*Problem to solve:* For this listing, reproduce the line with "交易所最新数据显示,锴威特于", the line with "Sklep se instaluje", and the lines between, exactly as they stand. Leave out pictures and all other lines.

*Excerpted records:*

◇ ◇ ◇ ◇ ◇

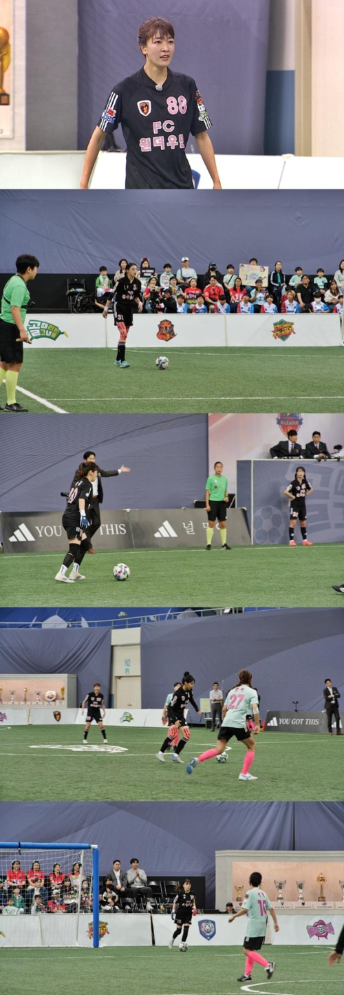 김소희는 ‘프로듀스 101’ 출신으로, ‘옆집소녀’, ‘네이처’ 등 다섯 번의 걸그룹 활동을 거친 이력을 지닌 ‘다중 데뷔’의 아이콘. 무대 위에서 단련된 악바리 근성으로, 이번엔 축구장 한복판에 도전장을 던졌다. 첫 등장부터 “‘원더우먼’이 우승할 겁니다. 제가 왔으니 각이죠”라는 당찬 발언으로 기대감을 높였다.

◇ ◇ ◇ ◇ ◇

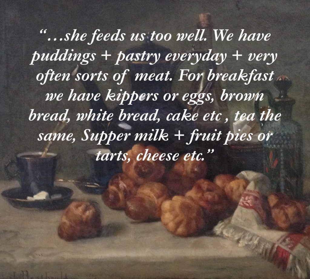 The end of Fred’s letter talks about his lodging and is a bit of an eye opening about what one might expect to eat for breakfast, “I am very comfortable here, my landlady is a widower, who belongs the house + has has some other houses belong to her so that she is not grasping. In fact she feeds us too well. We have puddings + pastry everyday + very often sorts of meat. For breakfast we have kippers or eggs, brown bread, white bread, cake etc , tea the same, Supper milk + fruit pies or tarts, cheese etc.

◇ ◇ ◇ ◇ ◇

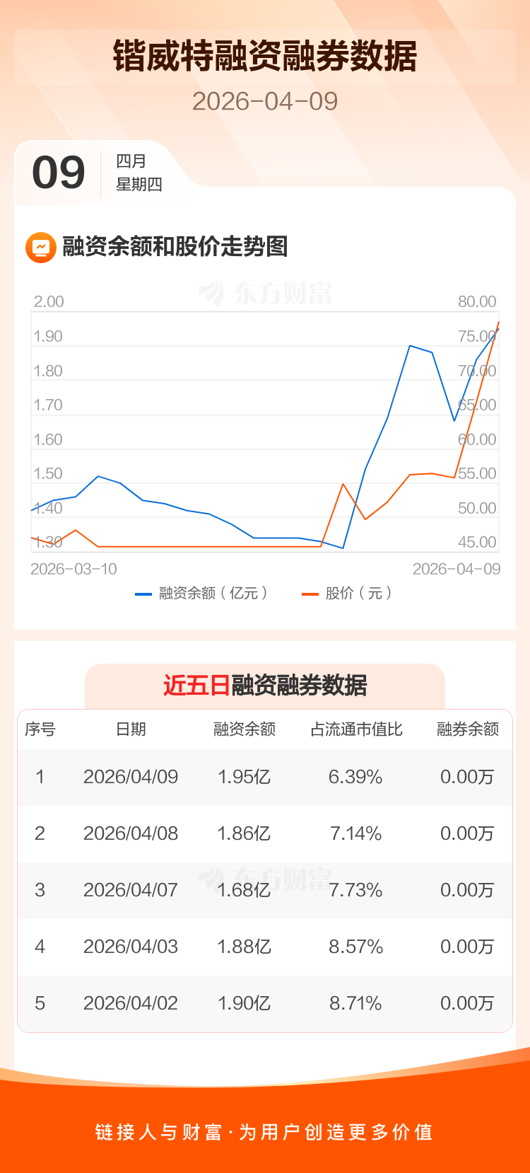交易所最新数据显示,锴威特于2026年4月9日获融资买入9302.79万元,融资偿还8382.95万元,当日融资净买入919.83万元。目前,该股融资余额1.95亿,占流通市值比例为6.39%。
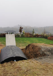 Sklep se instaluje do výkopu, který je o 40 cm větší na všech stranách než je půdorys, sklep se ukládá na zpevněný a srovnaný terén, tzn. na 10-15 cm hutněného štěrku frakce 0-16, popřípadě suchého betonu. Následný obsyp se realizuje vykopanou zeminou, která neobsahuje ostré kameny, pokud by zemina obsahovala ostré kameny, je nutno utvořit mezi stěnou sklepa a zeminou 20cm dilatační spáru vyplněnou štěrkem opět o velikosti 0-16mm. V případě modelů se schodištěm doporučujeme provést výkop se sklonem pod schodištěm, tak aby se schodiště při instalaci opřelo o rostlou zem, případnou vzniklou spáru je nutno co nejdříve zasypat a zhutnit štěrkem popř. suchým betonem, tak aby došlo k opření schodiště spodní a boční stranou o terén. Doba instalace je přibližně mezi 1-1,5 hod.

◇ ◇ ◇ ◇ ◇

*Response below:*
交易所最新数据显示,锴威特于2026年4月9日获融资买入9302.79万元,融资偿还8382.95万元,当日融资净买入919.83万元。目前,该股融资余额1.95亿,占流通市值比例为6.39%。
 Sklep se instaluje do výkopu, který je o 40 cm větší na všech stranách než je půdorys, sklep se ukládá na zpevněný a srovnaný terén, tzn. na 10-15 cm hutněného štěrku frakce 0-16, popřípadě suchého betonu. Následný obsyp se realizuje vykopanou zeminou, která neobsahuje ostré kameny, pokud by zemina obsahovala ostré kameny, je nutno utvořit mezi stěnou sklepa a zeminou 20cm dilatační spáru vyplněnou štěrkem opět o velikosti 0-16mm. V případě modelů se schodištěm doporučujeme provést výkop se sklonem pod schodištěm, tak aby se schodiště při instalaci opřelo o rostlou zem, případnou vzniklou spáru je nutno co nejdříve zasypat a zhutnit štěrkem popř. suchým betonem, tak aby došlo k opření schodiště spodní a boční stranou o terén. Doba instalace je přibližně mezi 1-1,5 hod.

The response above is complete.